Data records:

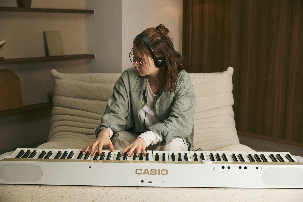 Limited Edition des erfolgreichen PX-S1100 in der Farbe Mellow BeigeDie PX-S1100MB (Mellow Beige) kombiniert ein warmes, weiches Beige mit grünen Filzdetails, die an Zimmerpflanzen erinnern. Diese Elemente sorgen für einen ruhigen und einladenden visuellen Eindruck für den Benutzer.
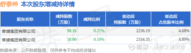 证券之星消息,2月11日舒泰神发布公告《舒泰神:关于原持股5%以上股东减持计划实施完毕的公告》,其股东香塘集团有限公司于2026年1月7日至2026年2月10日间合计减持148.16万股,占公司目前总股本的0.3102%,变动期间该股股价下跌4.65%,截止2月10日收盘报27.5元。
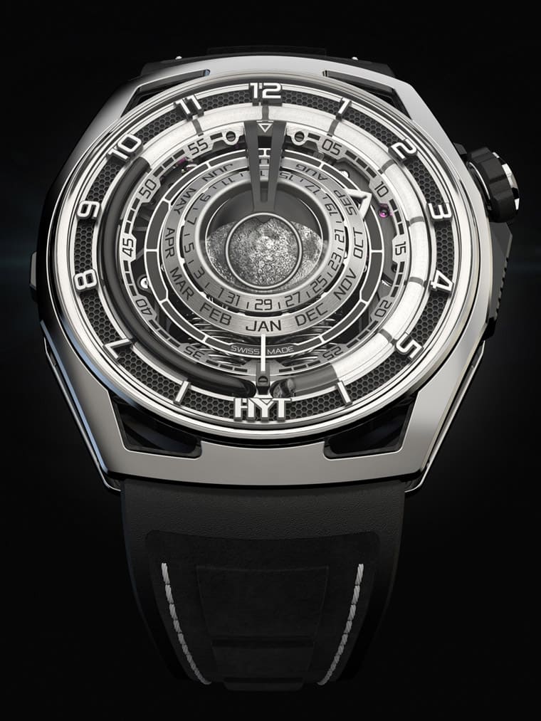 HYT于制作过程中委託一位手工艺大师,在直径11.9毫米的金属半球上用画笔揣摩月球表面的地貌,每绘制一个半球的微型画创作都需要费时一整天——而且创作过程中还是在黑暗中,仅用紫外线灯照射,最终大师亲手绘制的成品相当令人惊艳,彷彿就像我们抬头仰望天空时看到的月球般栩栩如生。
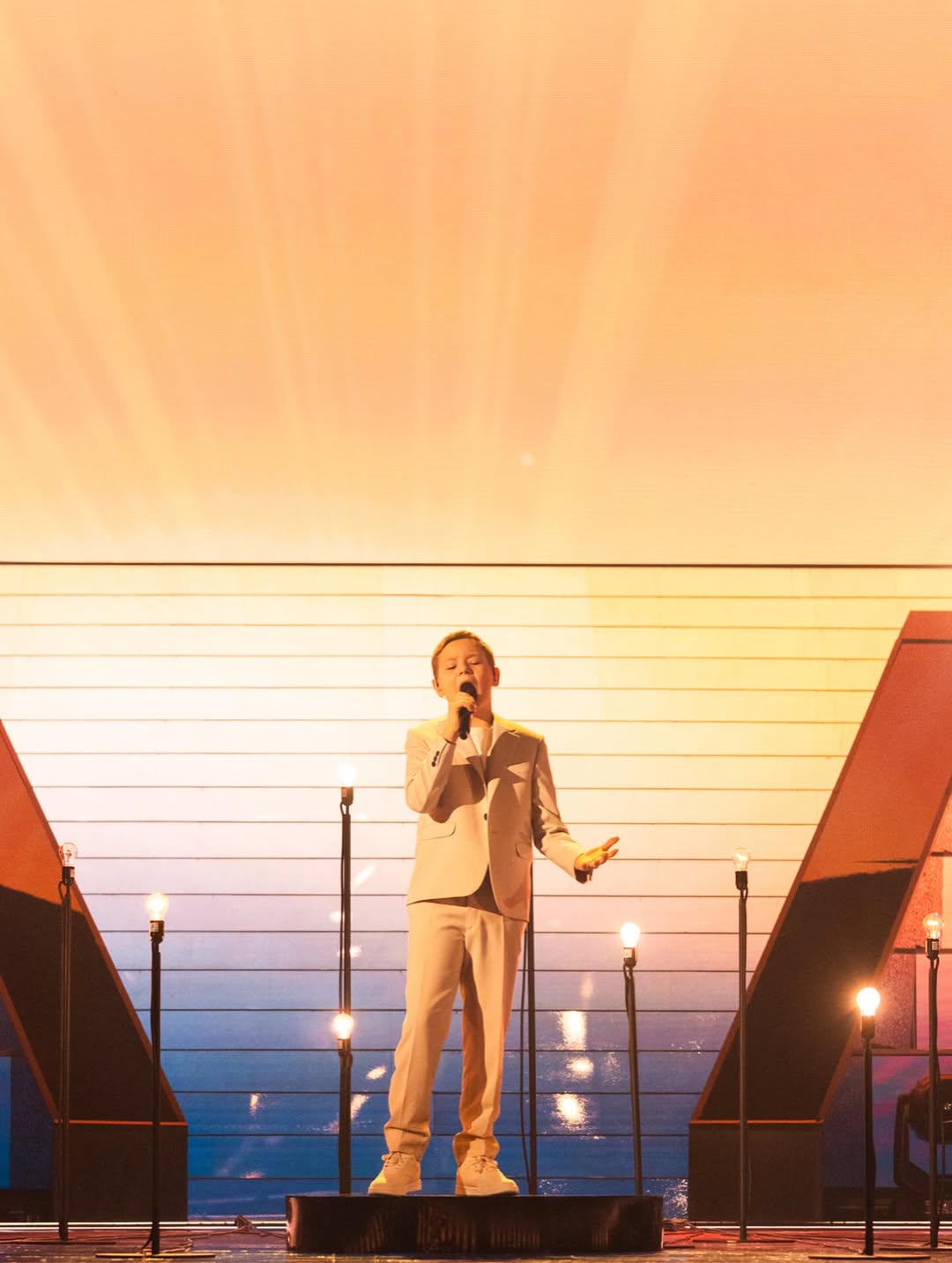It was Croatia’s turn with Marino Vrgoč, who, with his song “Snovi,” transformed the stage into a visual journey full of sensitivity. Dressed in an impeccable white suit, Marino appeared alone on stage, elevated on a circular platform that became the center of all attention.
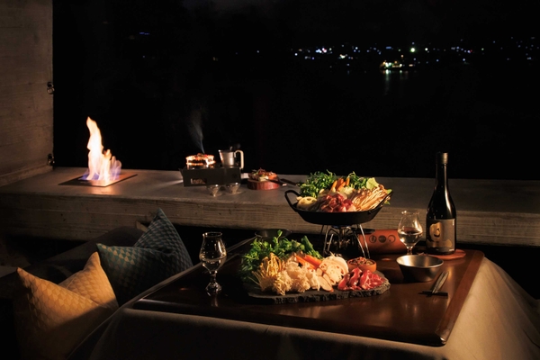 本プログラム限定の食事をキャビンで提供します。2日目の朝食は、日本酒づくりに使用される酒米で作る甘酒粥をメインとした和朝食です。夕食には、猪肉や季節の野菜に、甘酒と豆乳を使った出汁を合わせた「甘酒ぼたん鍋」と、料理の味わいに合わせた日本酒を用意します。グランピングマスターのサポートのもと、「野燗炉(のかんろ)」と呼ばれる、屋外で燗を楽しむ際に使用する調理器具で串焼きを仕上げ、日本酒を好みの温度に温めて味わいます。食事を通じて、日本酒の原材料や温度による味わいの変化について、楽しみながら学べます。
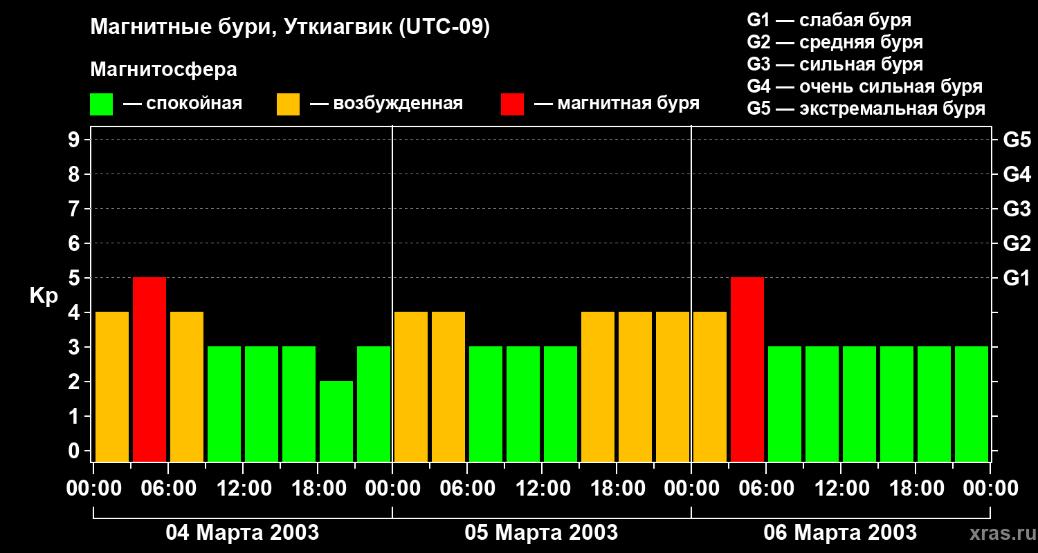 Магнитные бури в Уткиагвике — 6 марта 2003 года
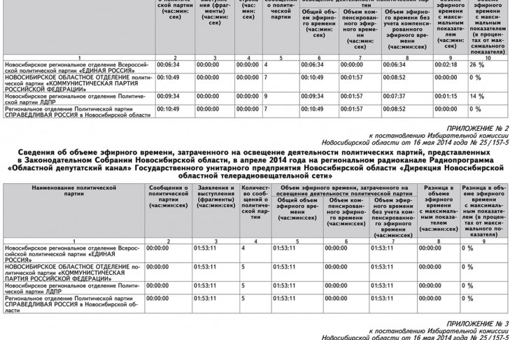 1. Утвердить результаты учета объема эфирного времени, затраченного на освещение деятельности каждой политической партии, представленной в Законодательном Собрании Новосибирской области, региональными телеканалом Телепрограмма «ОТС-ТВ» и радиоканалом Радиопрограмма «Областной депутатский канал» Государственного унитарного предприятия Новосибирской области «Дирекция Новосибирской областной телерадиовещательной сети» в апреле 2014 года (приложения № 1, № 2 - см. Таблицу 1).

**TASK DESCRIPTION**: Repeat every record above exactly, except the pictures.

**EXPECTED ANSWER**:
 Limited Edition des erfolgreichen PX-S1100 in der Farbe Mellow BeigeDie PX-S1100MB (Mellow Beige) kombiniert ein warmes, weiches Beige mit grünen Filzdetails, die an Zimmerpflanzen erinnern. Diese Elemente sorgen für einen ruhigen und einladenden visuellen Eindruck für den Benutzer.
 证券之星消息,2月11日舒泰神发布公告《舒泰神:关于原持股5%以上股东减持计划实施完毕的公告》,其股东香塘集团有限公司于2026年1月7日至2026年2月10日间合计减持148.16万股,占公司目前总股本的0.3102%,变动期间该股股价下跌4.65%,截止2月10日收盘报27.5元。
 HYT于制作过程中委託一位手工艺大师,在直径11.9毫米的金属半球上用画笔揣摩月球表面的地貌,每绘制一个半球的微型画创作都需要费时一整天——而且创作过程中还是在黑暗中,仅用紫外线灯照射,最终大师亲手绘制的成品相当令人惊艳,彷彿就像我们抬头仰望天空时看到的月球般栩栩如生。
It was Croatia’s turn with Marino Vrgoč, who, with his song “Snovi,” transformed the stage into a visual journey full of sensitivity. Dressed in an impeccable white suit, Marino appeared alone on stage, elevated on a circular platform that became the center of all attention.
 本プログラム限定の食事をキャビンで提供します。2日目の朝食は、日本酒づくりに使用される酒米で作る甘酒粥をメインとした和朝食です。夕食には、猪肉や季節の野菜に、甘酒と豆乳を使った出汁を合わせた「甘酒ぼたん鍋」と、料理の味わいに合わせた日本酒を用意します。グランピングマスターのサポートのもと、「野燗炉(のかんろ)」と呼ばれる、屋外で燗を楽しむ際に使用する調理器具で串焼きを仕上げ、日本酒を好みの温度に温めて味わいます。食事を通じて、日本酒の原材料や温度による味わいの変化について、楽しみながら学べます。
 Магнитные бури в Уткиагвике — 6 марта 2003 года
 1. Утвердить результаты учета объема эфирного времени, затраченного на освещение деятельности каждой политической партии, представленной в Законодательном Собрании Новосибирской области, региональными телеканалом Телепрограмма «ОТС-ТВ» и радиоканалом Радиопрограмма «Областной депутатский канал» Государственного унитарного предприятия Новосибирской области «Дирекция Новосибирской областной телерадиовещательной сети» в апреле 2014 года (приложения № 1, № 2 - см. Таблицу 1).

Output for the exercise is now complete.